El pájaro y su sombra
El cuento se parece
a la conversación con un amigo en un café.
Dura eso.
Federico Falcó
¿No te cansas de icebergs y ámbitos subterráneos a la hora de meditar sobre el cuento?, me pregunta Miroslava Palacios mientras bebemos un café. ¿No crees que estas imágenes pétreas de Hemingway y Piglia solidifican hasta la atrofia el cuento? El iceberg me congela las yemas al tacto, dice, y la dimensión de raíces, bulbos, rizomas y hálitos térreos me obliga a encubrirme con la máscara del topo. O al menos con la del minero, pero a diferencia suya, no busco vetas de oro ni veneros preciosos, sino esa segunda historia, anunciada de refilón, sin saber siquiera si podré hallarla. Te internas a ciegas, tiembla la caverna, los puntales crujen, se renueva el riesgo del colapso. Y no sé a ti, continúa, pero la mera idea de ser enterrada con vida me aterra.

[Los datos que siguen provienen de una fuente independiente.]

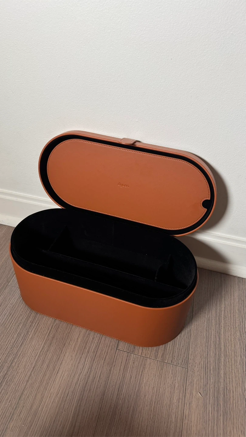Here is a Dyson Airwrap storage case in great condition. It's perfect for keeping your Dyson Airwrap and attachments organized and protected. It has a sleek design and a luxurious feel
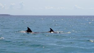 5 Octobre 2025 : Après avoir nagé avec les otaries, nous traversons le canal entre la plage Tecolote et l’île Espiritu Santo en une vingtaine de minutes. A peu près au milieu, nous croisons un petit groupe de dauphins, rencontre toujours sympathique :
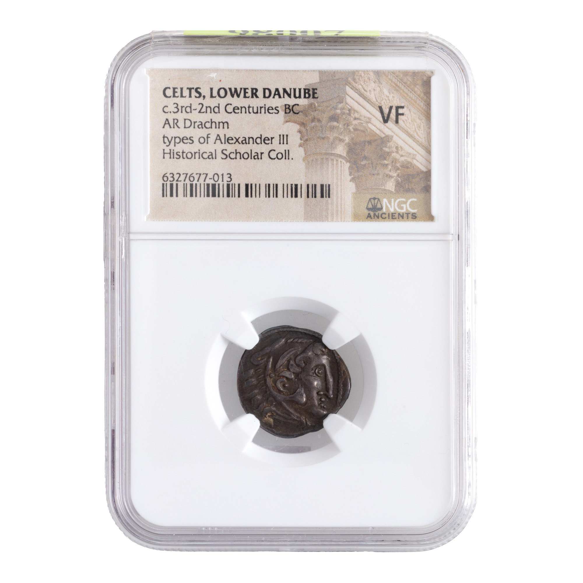 7F. Monedă Drahmă, imitație celtică din zona Dunării de Jos, sec. III-II î.e.n., argint
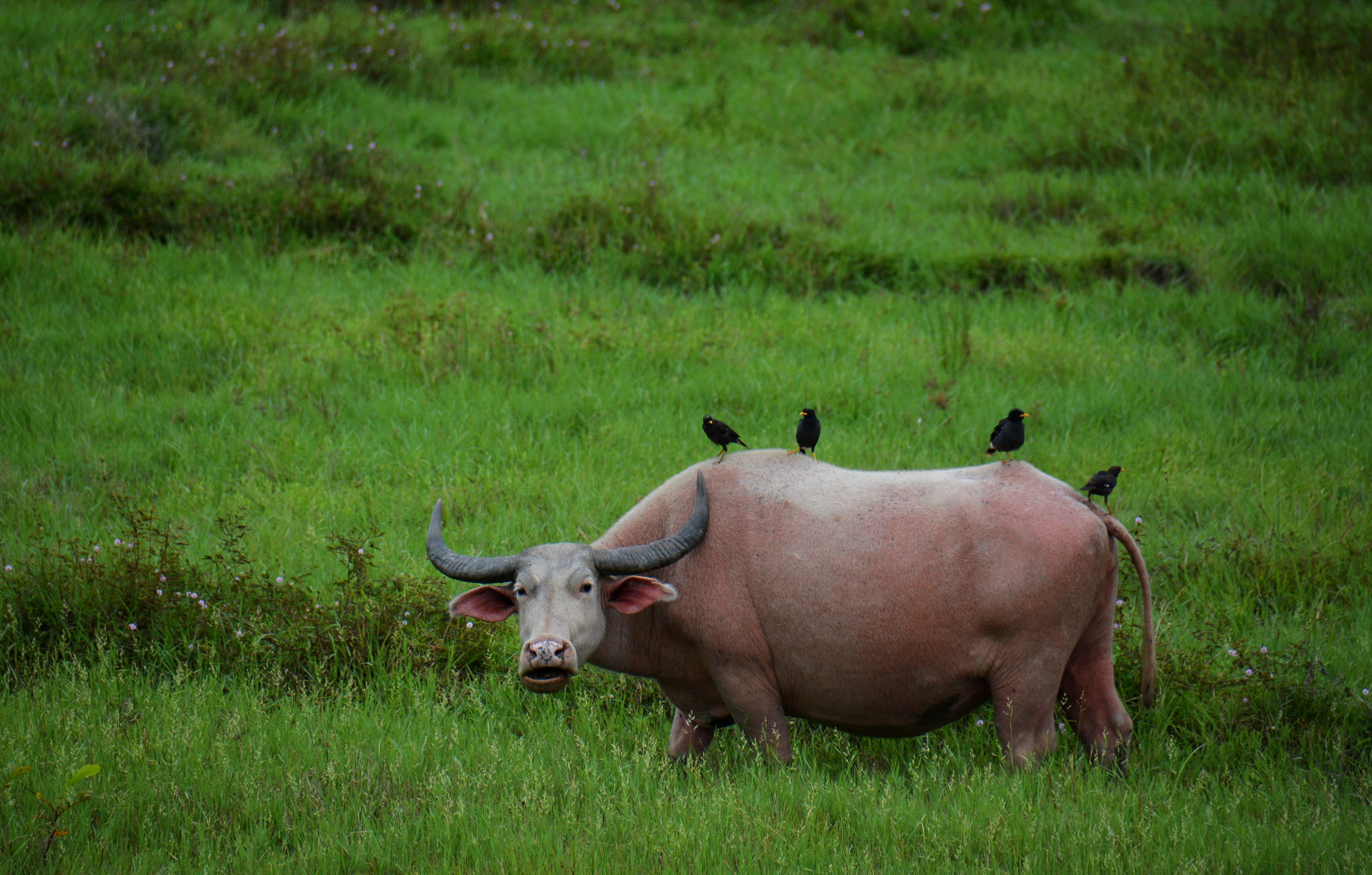 ↑这是2017年10月5日在老挝万象省拍摄的路边的水牛。新华社发(刘艾伦摄)
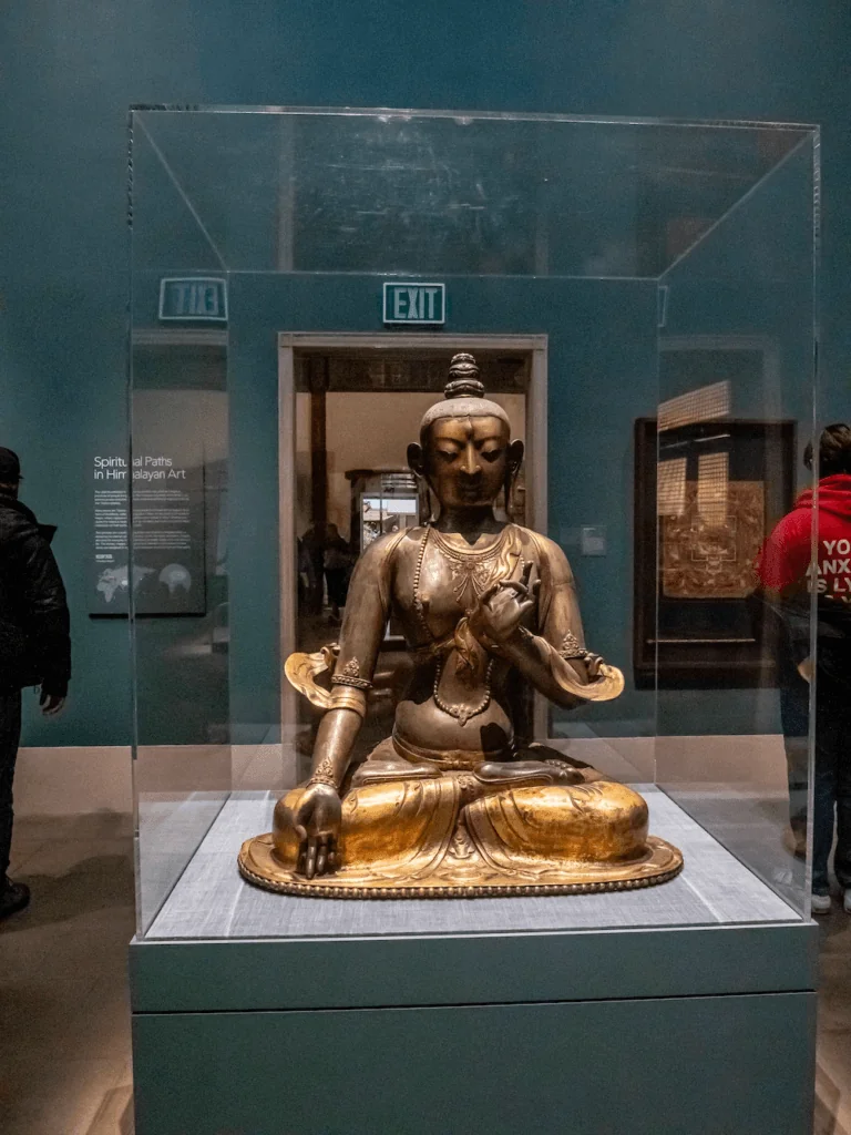 Passing through the European and Oriental artwork from Chinese, Japanese, and Korean artists, I approached a room filled with art best aligned with my heritage. The Southeast Asian collection contained a variety of “murti’s”, or idol sculptures often found in South Indian temples. From the columns with engravings of mythological characters depicted in Indian folklore stories, to the brass and golden murti’s, this surely became my favorite in the exhibit.
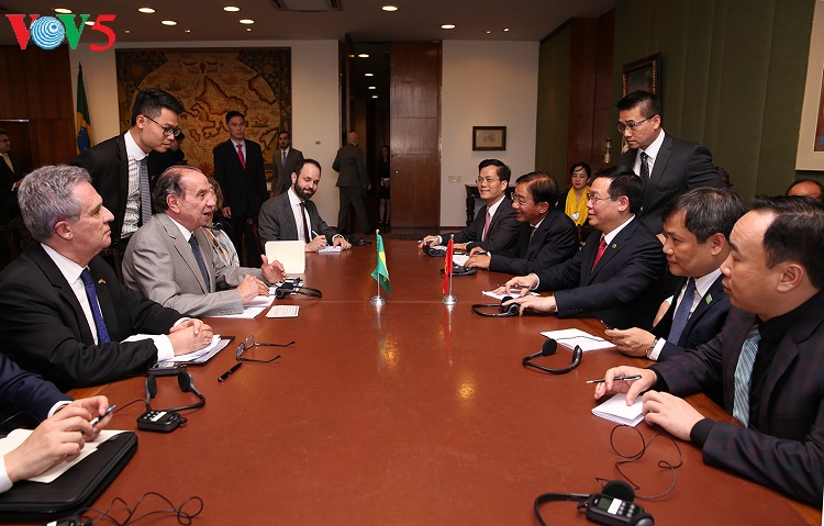 Mientras en la reunión con Aloysio Nunes Ferreira, ministro de Relaciones Exteriores, Vuong Dinh Hue destacó que Vietnam busca impulsar los nexos con Brasil a fin de vincularse más profundamente con el Mercado Común del Sur (Mercosur). Ambas partes convinieron en continuar elaborando estructuras jurídicas a favor de los lazos bilaterales tales como el acuerdo marco de cooperación técnica e intercambio de información arancelaria, de cara a la firma de un tratado de evitación de la doble imposición, entre otros pactos de diferentes sectores. También acordaron optimizar los mecanismos de colaboración suscritos para mejorar la coordinación binacional en las organizaciones y foros internacionales.
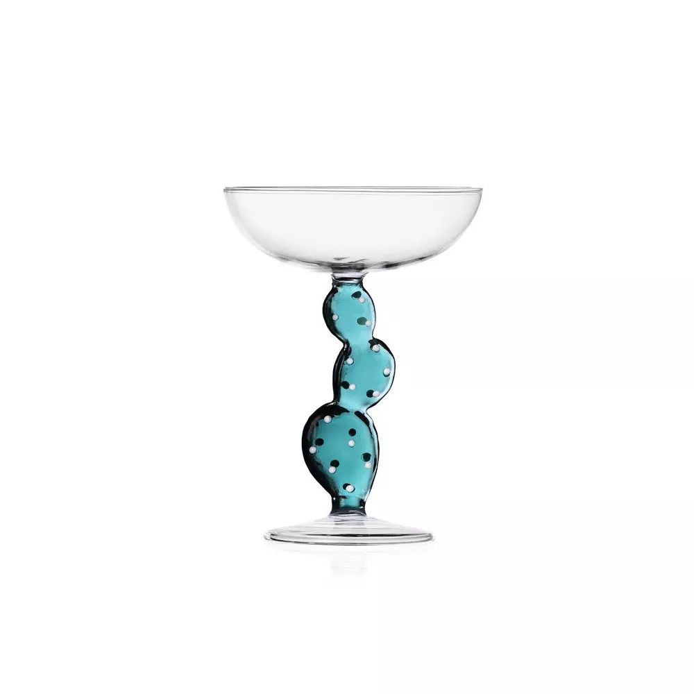COPPA CHAMPAGNE CACTUS, PETROLIO DESERT PLANTS, 09352332 - ICHENDORF MILANO La coppa di champagne in vetro trasparente appartenente alla collezione Desert Plants, ideata dalla designer Alessandra Baldereschi, è stata prodotta da Ichendorf utilizzando vetro borosilicato soffiato, resistente ai liquidi caldi e lavabile in lavastoviglie. Grazie alla sua speciale lavorazione, presenta una bassa dilatazione termica che ne garantisce la durata e la resistenza agli sbalzi di temperatura. La Ichendorf Milano, un'azienda leader nella lavorazione del vetro dal 1920, si contraddistingue per la produzione di prodotti di alta qualità, design moderno ed essenziale e resistenza. Misure: Ø 11,5 x H 16 cm Colore: trasparente / azzurro petrolio Materiale: Borosilicato Fatto a mano e modellato a lume Lavaggio: in lavastoviglie con ciclo delicato 40°
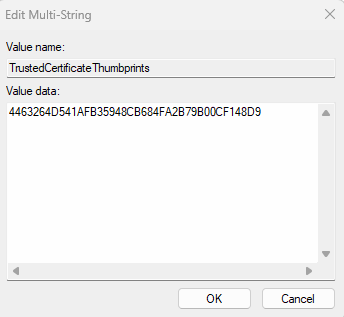 Note:You can add multiple certificates by using \0 as a delimiter, or in the Registry Editor, right-click key, then select Modify to put each thumbprint on a new line.
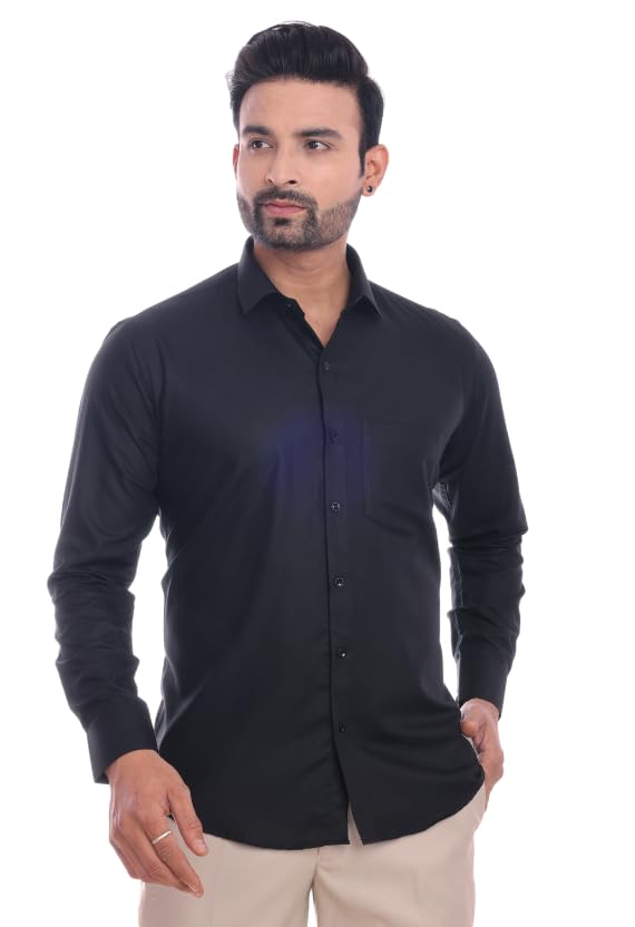 Colours ‘n’ Collars Men’s Casual & Formal Solid Shirt | Regular Fit | Full Sleeve Cotton Blend Shirt for Men | Button-Down Formal & Casual Wear

Miroslava y yo charlamos de nuestros planes y proyectos; nos interrumpimos mutuamente todo el tiempo y derivamos, cada uno, en ofensivas monologuísticas: nos oímos perorar de nuestras obsesiones. Coincidimos: los proyectos que más me asombran y gustan, dice MP, son los sencillos ⸺conviene no confundir «sencillez» con «simplicidad»⸺: los que parecen estar ahí, al alcance de la mano y uno se los pierde, como con Elvira Navarro, Alejandra Kamiya, Ismael Ramos, Laia Jufresa, Federico Falcó, Magalí Etchebarne, Sara Mesa. MP se ha acercado a la perfección narrativa en un libro de cuentos que se niega a publicar, libro cuyas versiones y revisiones he tenido el placer de leer y aplaudir, pero que mi amiga corrige hasta el extremo, sin apresurarse a darle cierre ni mucho menos a enviarlo a un dictamen. Me dice que las editoriales mexicanas no se interesan por el cuento. Al postularse como un género inamovible, dice MP que escribe Daniel Sada en «El cuento y sus fórmulas», encerrado en sus propios cánones, a nadie debe serle raro que el cuento ⸺de calidad, al menos⸺ esté cada vez más a la baja. El cuento no vende, única pretensión de estas casas; si se arriesgan a sacar un libro de cuentos en lugar de una novela ⸺el género aglutinador⸺ o el tratado light, lo hacen como una curiosidad o extravagancia de algún autor ya encumbrado.
Le pregunto qué opina de los premios de cuento, por qué no manda un libro de relatos. ¡No!, me interrumpe, no son «relatos», son cuentos. Hace un breve paréntesis, explica que la diferencia es muy sencilla: el relato utiliza la brevedad para enseñar un estado del mundo o puede articularse como la síntesis secuencial de acontecimientos que dictan una narrativa, o la fábula, según los narratólogos; el cuento va más allá y amputa una porción de ese estado; el cuento es el acontecimiento de lo que se está contando, y por eso hay cuentos donde «no pasa nada», de los cuales es casi imposible desprender una fábula; el cuento es un corte, un estallido, pero en términos de Ludmer, pero mira, Emilio, me dice, tú sabes que leo mal. Mis dioptrías indican astigmatismo y corren un velo entre la percepción alcanzable de mis ojos y la página ante mí. Y se quita sus anteojos, los acerca a su café, como si fuera a remojarlos. Muestra que refulgen bajo el mediodía, se los vuelve a colocar, algo empañados por la acción de la taza.